START Data for this exercise

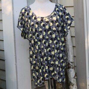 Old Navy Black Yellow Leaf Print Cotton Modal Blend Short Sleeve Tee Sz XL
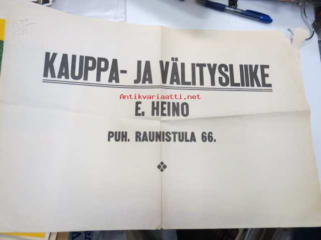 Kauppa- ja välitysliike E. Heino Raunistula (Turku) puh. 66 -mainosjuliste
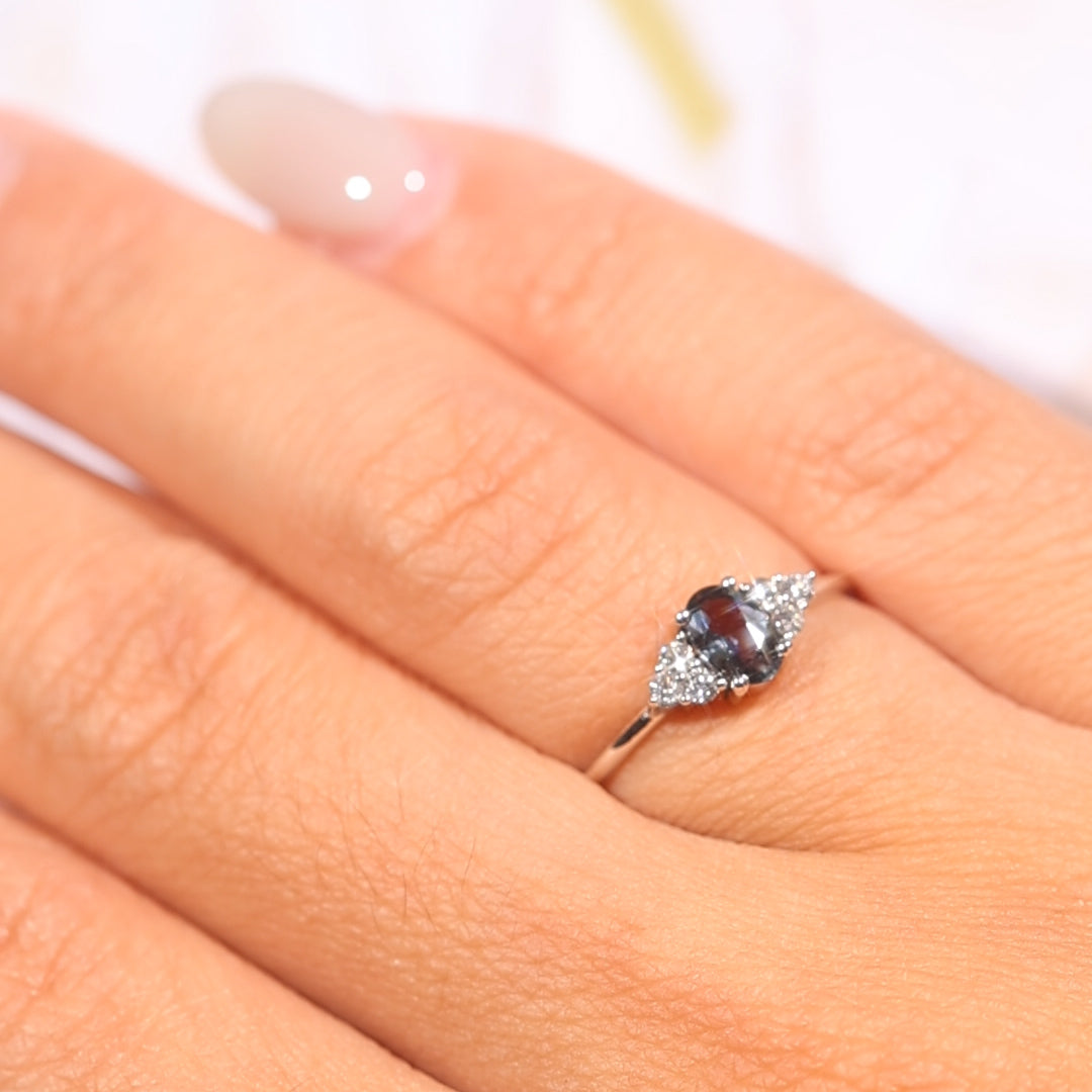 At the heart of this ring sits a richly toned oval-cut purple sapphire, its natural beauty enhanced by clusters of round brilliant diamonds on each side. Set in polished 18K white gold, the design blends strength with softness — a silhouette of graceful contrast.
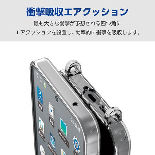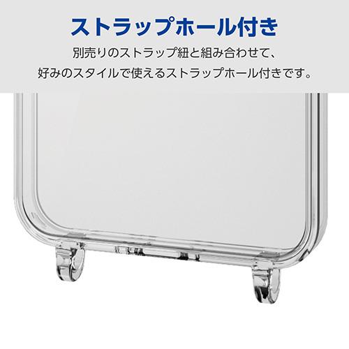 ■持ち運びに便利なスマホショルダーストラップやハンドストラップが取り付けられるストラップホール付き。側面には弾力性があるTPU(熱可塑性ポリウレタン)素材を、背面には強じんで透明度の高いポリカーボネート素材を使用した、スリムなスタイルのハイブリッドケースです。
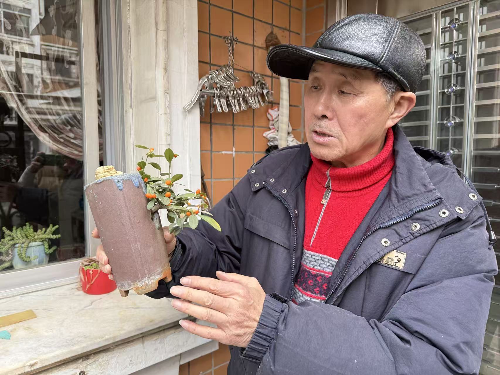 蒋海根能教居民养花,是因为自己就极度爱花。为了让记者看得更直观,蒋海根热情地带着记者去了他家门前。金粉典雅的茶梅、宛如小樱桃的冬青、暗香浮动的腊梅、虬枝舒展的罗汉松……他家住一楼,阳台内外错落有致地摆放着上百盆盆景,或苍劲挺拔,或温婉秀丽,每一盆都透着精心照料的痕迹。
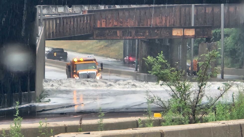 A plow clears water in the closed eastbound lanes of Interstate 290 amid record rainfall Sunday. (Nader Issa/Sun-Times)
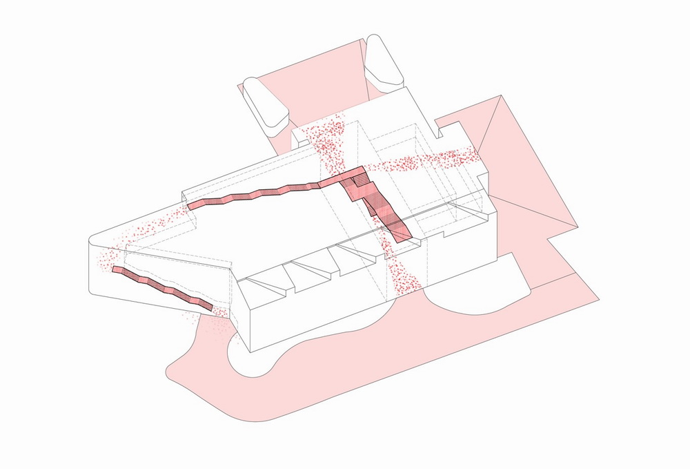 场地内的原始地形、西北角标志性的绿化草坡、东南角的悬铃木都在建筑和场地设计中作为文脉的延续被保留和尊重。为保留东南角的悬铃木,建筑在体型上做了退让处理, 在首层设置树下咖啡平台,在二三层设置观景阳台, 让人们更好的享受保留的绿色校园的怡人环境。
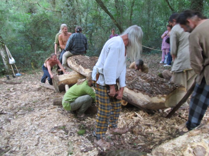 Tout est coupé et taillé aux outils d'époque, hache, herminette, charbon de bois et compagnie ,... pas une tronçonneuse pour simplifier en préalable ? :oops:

END Data for this exercise

▸ Work instruction:
Reproduce the lines from the line with "At the heart" through the last line of the entries exactly, including both ends and excluding pictures.

▸ Exercise response:
 At the heart of this ring sits a richly toned oval-cut purple sapphire, its natural beauty enhanced by clusters of round brilliant diamonds on each side. Set in polished 18K white gold, the design blends strength with softness — a silhouette of graceful contrast.
 ■持ち運びに便利なスマホショルダーストラップやハンドストラップが取り付けられるストラップホール付き。側面には弾力性があるTPU(熱可塑性ポリウレタン)素材を、背面には強じんで透明度の高いポリカーボネート素材を使用した、スリムなスタイルのハイブリッドケースです。
 蒋海根能教居民养花,是因为自己就极度爱花。为了让记者看得更直观,蒋海根热情地带着记者去了他家门前。金粉典雅的茶梅、宛如小樱桃的冬青、暗香浮动的腊梅、虬枝舒展的罗汉松……他家住一楼,阳台内外错落有致地摆放着上百盆盆景,或苍劲挺拔,或温婉秀丽,每一盆都透着精心照料的痕迹。
 A plow clears water in the closed eastbound lanes of Interstate 290 amid record rainfall Sunday. (Nader Issa/Sun-Times)
 场地内的原始地形、西北角标志性的绿化草坡、东南角的悬铃木都在建筑和场地设计中作为文脉的延续被保留和尊重。为保留东南角的悬铃木,建筑在体型上做了退让处理, 在首层设置树下咖啡平台,在二三层设置观景阳台, 让人们更好的享受保留的绿色校园的怡人环境。
 Tout est coupé et taillé aux outils d'époque, hache, herminette, charbon de bois et compagnie ,... pas une tronçonneuse pour simplifier en préalable ? :oops:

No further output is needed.